What This Automation Does

When Lisa triggers the workflow, here’s what happens:

  • Sets the company search query for Indeed (e.g., Starbucks).
  • Uses Bright Data’s Web Unlocker API to bypass scraping blocks and retrieve raw markdown data from Indeed’s company page.
  • Extracts and converts the scraped markdown into clean textual data via a custom LangChain markdown-to-text node.
  • Summarizes the extracted information using Google Gemini’s advanced AI summarization model for concise insights.
  • Triggers an AI Expert Agent specialized in Indeed to format results perfectly and push them to an external webhook for notifications or further integrations.
  • Converts markdown to HTML for readable reports and sends notifications of both summary and full data as HTML via webhook.

This automation saves Lisa at least 3-4 hours per company query, eliminates data inconsistencies, and ensures professional, AI-tailored company profiles ready for decision-making.

Prerequisites ⚙️

  • n8n account (cloud or self-hosted; for self-hosting options, see Hostinger guide)
  • Bright Data Web Unlocker API account (for Indeed scraping)
  • Google Gemini (PaLM) API credentials for advanced AI summarization and chat model usage
  • Webhook URL service (like https://webhook.site) to receive notifications

Step-by-Step Guide to Build the Workflow ✏️

1. Add Manual Trigger Node

Navigate to Nodes > Triggers > Manual Trigger and add it as the workflow entry point.

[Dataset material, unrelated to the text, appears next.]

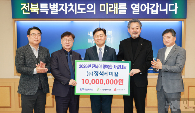 [사회=뉴전북] 전북특별자치도는 23일 ㈜정석케미칼이 불우이웃돕기 성금 1천만 원을 지정 기탁했다고 밝혔다.
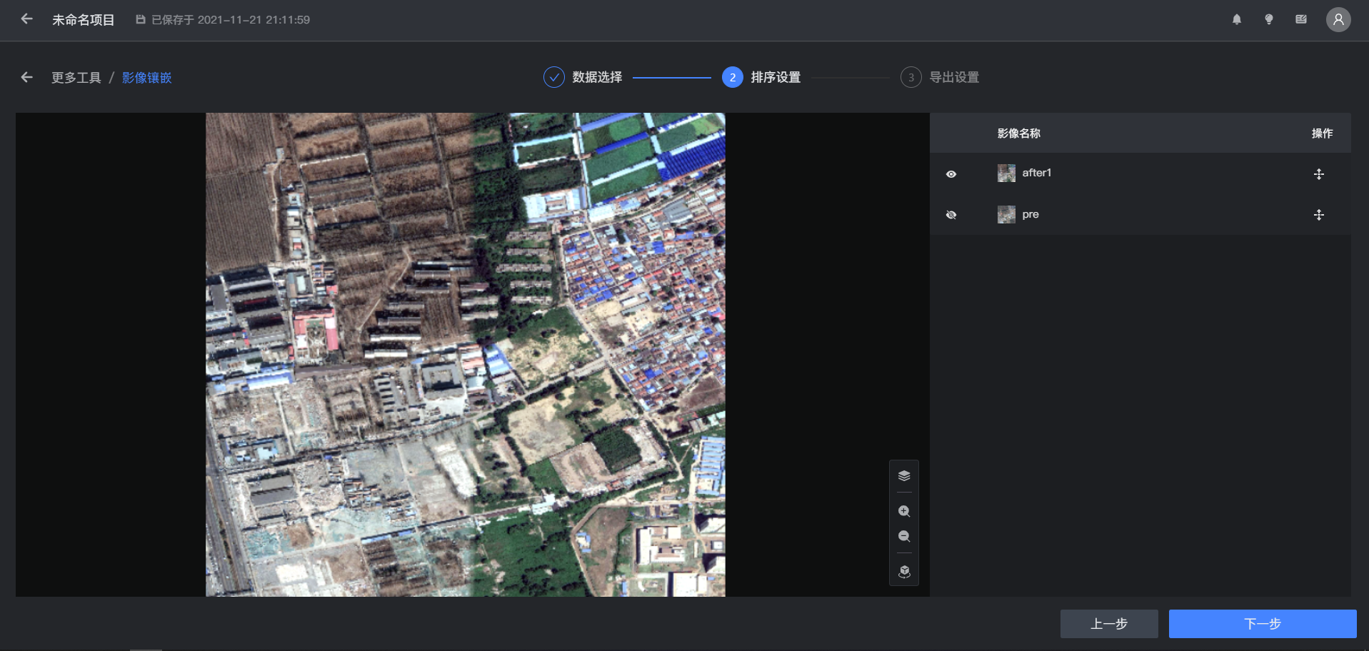 对栅格数据进行影像镶嵌拼接,选择图层间上下排序,镶嵌成果将另存为新的数据图层,同时保存至我的数据列表。

This lets you trigger the workflow on demand.
Expected: A simple button to manually test the workflow.

2. Set Indeed Search Query

Add a Set node to define your search parameters. Under “Assignments,” create two string fields:
search_query: The company name, e.g., “Starbucks”
zone: Your Bright Data zone like “web_unlocker1”
Expected: This sets dynamic query data usable by later nodes.
Common mistake: Forgetting to use exactly the zone string matching your Bright Data setup, causing request failures.

3. Perform Indeed Web Request via Bright Data

Add an HTTP Request node configured to POST to “https://api.brightdata.com/request”.
Body parameters include:
zone set to = $json.zone
url set to =https://www.indeed.com/cmp/{{ encodeURI($json.search_query) }}?product=unlocker&method=api
Other params include format: raw and data_format: markdown.
Authenticate using your Bright Data Header Auth credentials.
Expected: Receive raw markdown data of Indeed company page.
Common mistake: Misconfiguring auth headers or using the wrong URL format.

4. Convert Markdown to Textual Data

Use the LangChain Markdown to Textual Data Extractor node.
Prompt it to “analyze the markdown and convert to textual data.”
Feed it the $json.data field from the HTTP response.
Expected: Clean textual data extracted from the markdown format.
Common mistake: Missing the exact JSON field path causing empty or malformed text.

5. Summarize Extracted Data with Google Gemini

Add a Google Gemini Chat model for summarization node connected to extractor output.
Use the “models/gemini-2.0-flash-exp” model.
Expected: Receive concise summary text highlighting key company insights.
Common mistake: Forgetting to attach correct credentials leads to authentication errors.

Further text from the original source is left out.